WORK REQUIRED: Skip the pictures and copy all the data that follows exactly.

DATA:

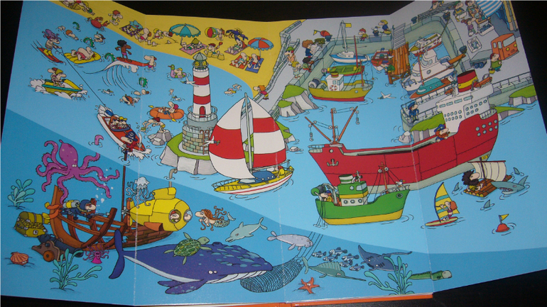 Просит меня довольно часто ее достать, и на каждом развороте требует: " Тут все показать!". Это значит, что я должна спрашивать его, где что находится, а он находит и показывает мне. Получилась у нас книжка для рассматриваний)
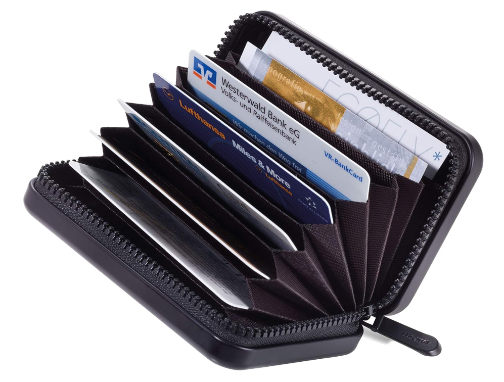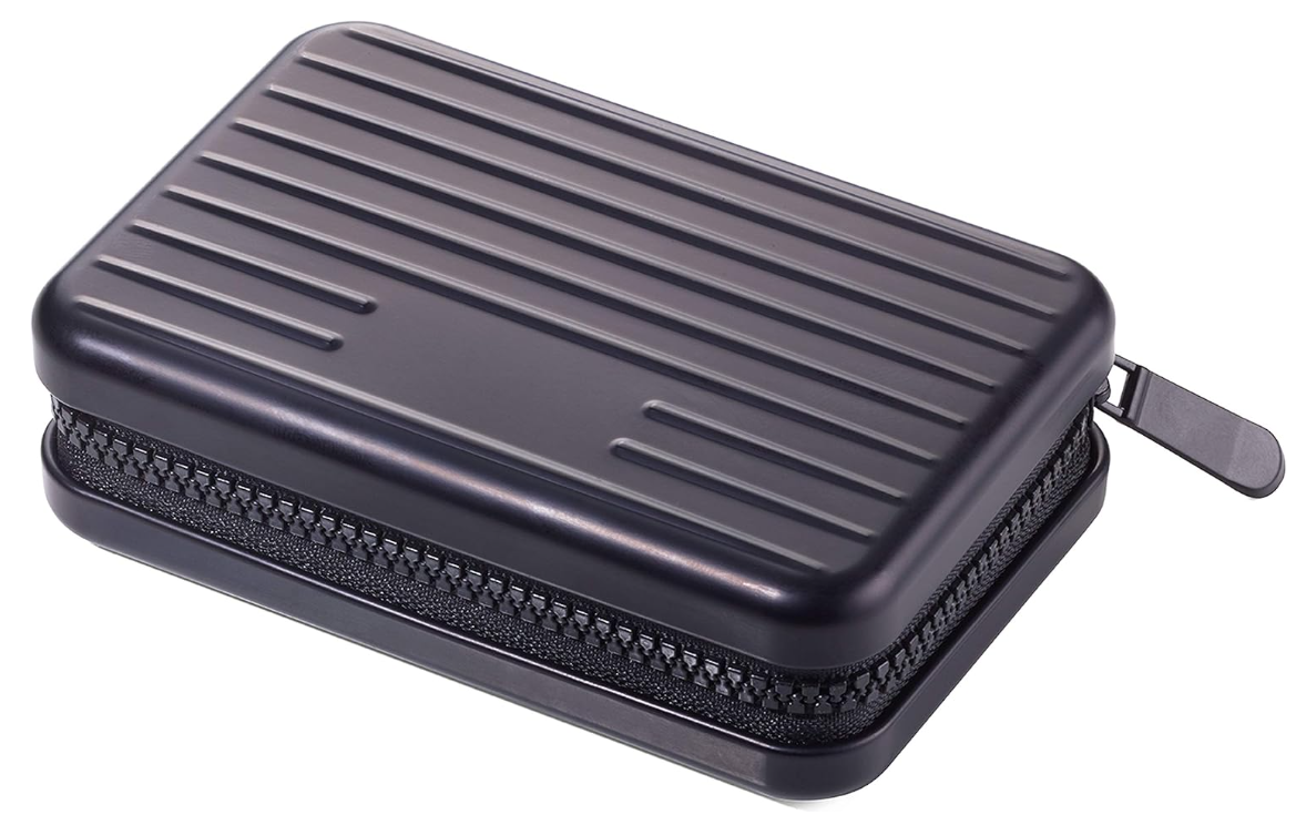 I 9 scomparti offrono spazio per circa 20 carte, denaro e ricevute. La custodia per carte di credito si presenta nel design di una valigetta rigida. Ideali da regalare ai viaggiatori.
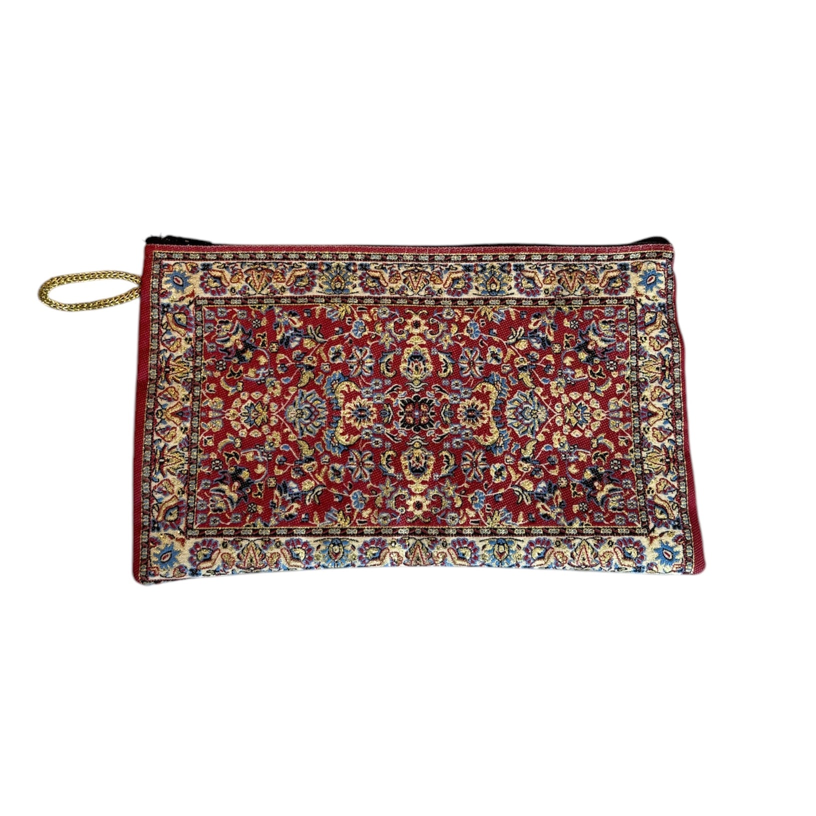 Röd necessär med guldiga och blåa orientaliska mönster handgjord i Marocko.

ANSWER BOX:
 Просит меня довольно часто ее достать, и на каждом развороте требует: " Тут все показать!". Это значит, что я должна спрашивать его, где что находится, а он находит и показывает мне. Получилась у нас книжка для рассматриваний)
 I 9 scomparti offrono spazio per circa 20 carte, denaro e ricevute. La custodia per carte di credito si presenta nel design di una valigetta rigida. Ideali da regalare ai viaggiatori.
 Röd necessär med guldiga och blåa orientaliska mönster handgjord i Marocko.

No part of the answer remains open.